Araştırmacıların raporuna göre, mumya 100 yıldan uzun süredir Ostprignitz-Ruppin bölgesindeki Kampehl köy kilisesinde turistik bir cazibe merkezi olmuştur. Orada cam üstlü bir tabutta sergilenmektedir. Aslında bir subay ve kalıtsal bir lord olan ancak Brandenburg Margraviate'nin şövalye ailesine mensup olan şövalyeye karşı belirgin saygısızlık, muhtemelen kendisine karşı açılan bir cinayet davasından kaynaklanmaktadır. Ancak, modern bilim insanları bile bunun bir efsane olduğunu vurgulamaktadır.

Cinayet ve yalancı şahitlik efsanesi


Kalebuz'un, çobanın kendisine nişanlısıyla olan “ilk gece hakkı”nı (ius primae noctis, varlığı bugün de tarihsel olarak tartışılmaktadır) reddetmesi üzerine bir çobanı öldürdüğü söylenir. Ceza yargılaması sırasında, eğer bir katil ise, ölümünden sonra Tanrı'nın onu çürütmeyeceğine dair yemin ettiği söylenir. Bu “arınma yemini”nin, tanık eksikliği nedeniyle beraat etmesine yol açtığı söylenir. Kalebuz'un – kilise kayıtlarına göre adı buydu, genellikle Kahlbutz olarak da anılır – doğal bir ölümle öldüğü tarihsel olarak kesin görünüyor.

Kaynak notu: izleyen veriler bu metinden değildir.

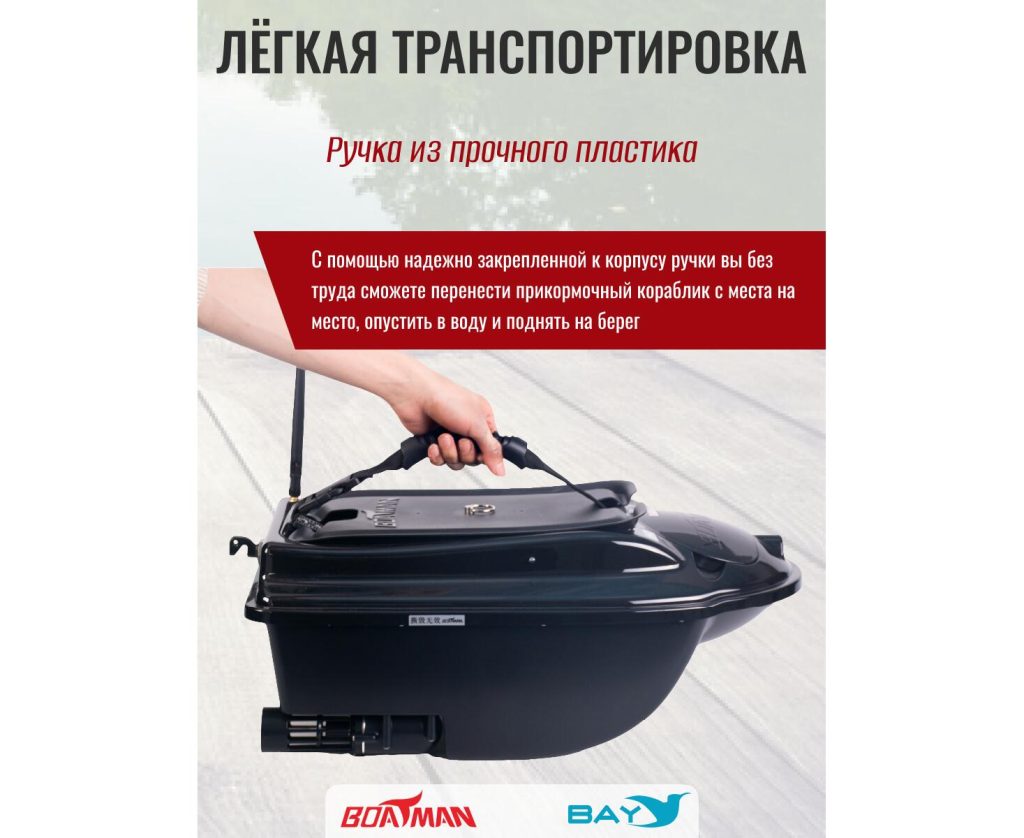 С помощью надежно закрепленной к корпусу ручки вы без труда сможете перенести прикормочный кораблик с места на место, опустить в воду и поднять на берег
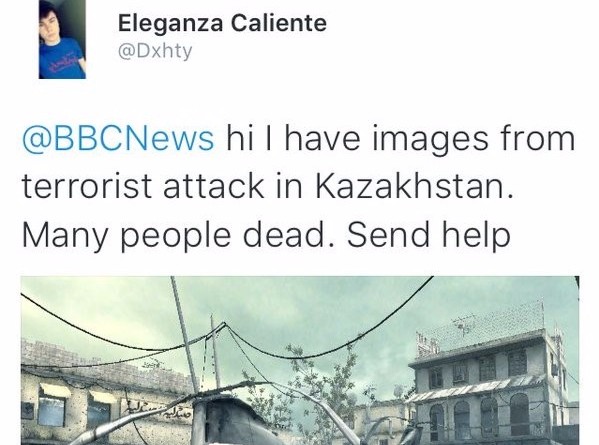 早前一名網民將遊戲《Call of Duty 4》的遊戲截圖透過 Twitter 傳送到 BBC 新聞部,表示「取得了哈薩克斯坦恐怖襲擊的畫面,很多人喪生,需要協助」。發 Tweet 不久,這名網民就收到了 BBC 國際事務記者 Ian Pannell 的回覆,查詢當地的救援狀況,並問候網民和家人,希望網民能夠給予回應。
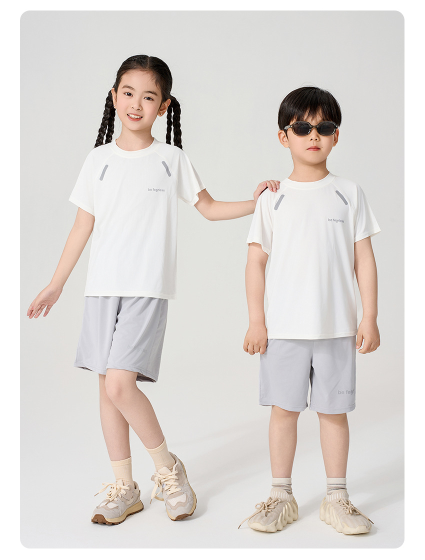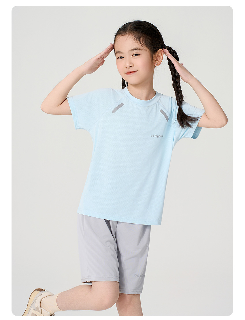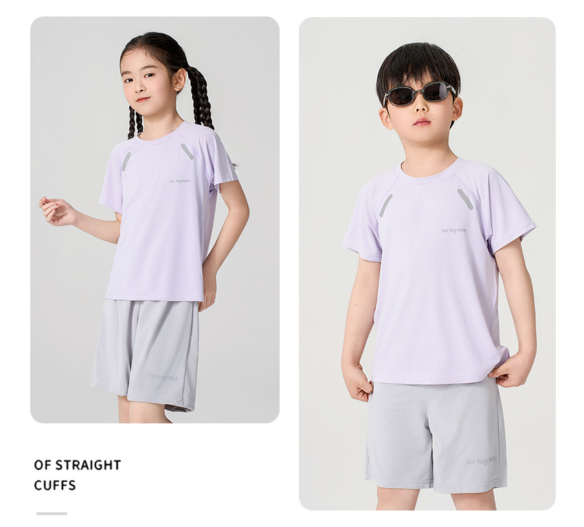 어린이 빠른 건조 스포츠 반팔 세트 여름 소년과 소녀 캐주얼 얇은 아이스 실크 메쉬 티셔츠 반바지 세트스토어 가기

Mevcut araştırmalar bunu çürütmüyor. Kalebuz'un tüberkülozdan öldüğü söyleniyor, ancak bu kanıtlanamadı. En azından C14 tarihlemesi 50 ila 60 yaşlarındaki bir adamla eşleşiyor ve iskelet incelemesi o sırada sağlıklı olduğunu gösteriyor. Bilim insanlarına göre, DNA genetik olarak incelenemeyecek kadar kötü hasar görmüştü. Daha önce incelenen “CF” baş harflerinin bulunduğu kefen, bunun aslında Kalebuz olduğu teorisini destekliyor. Hatta bazen tarihsel varlığı bile şüpheliydi.

Şövalyedeki bir diğer öğe


Şövalyenin şimdilik bir sırrı saklamasına izin veriliyor, çünkü bilim insanlarının yazdığına göre ağzında “yuvarlak bir metal nesne” var. Bunun bir madeni para veya muska olduğuna inanıyorlar. Ancak bu ancak mumyaya daha fazla zarar vererek kesin olarak belirlenebilir. Profesör Winkelmann, “Bunun şövalyeye yapılıp yapılmayacağı veya bu sırrı saklamasına izin verilip verilmeyeceği yerel kilise konseyinin karar vereceği bir şey,” diyor.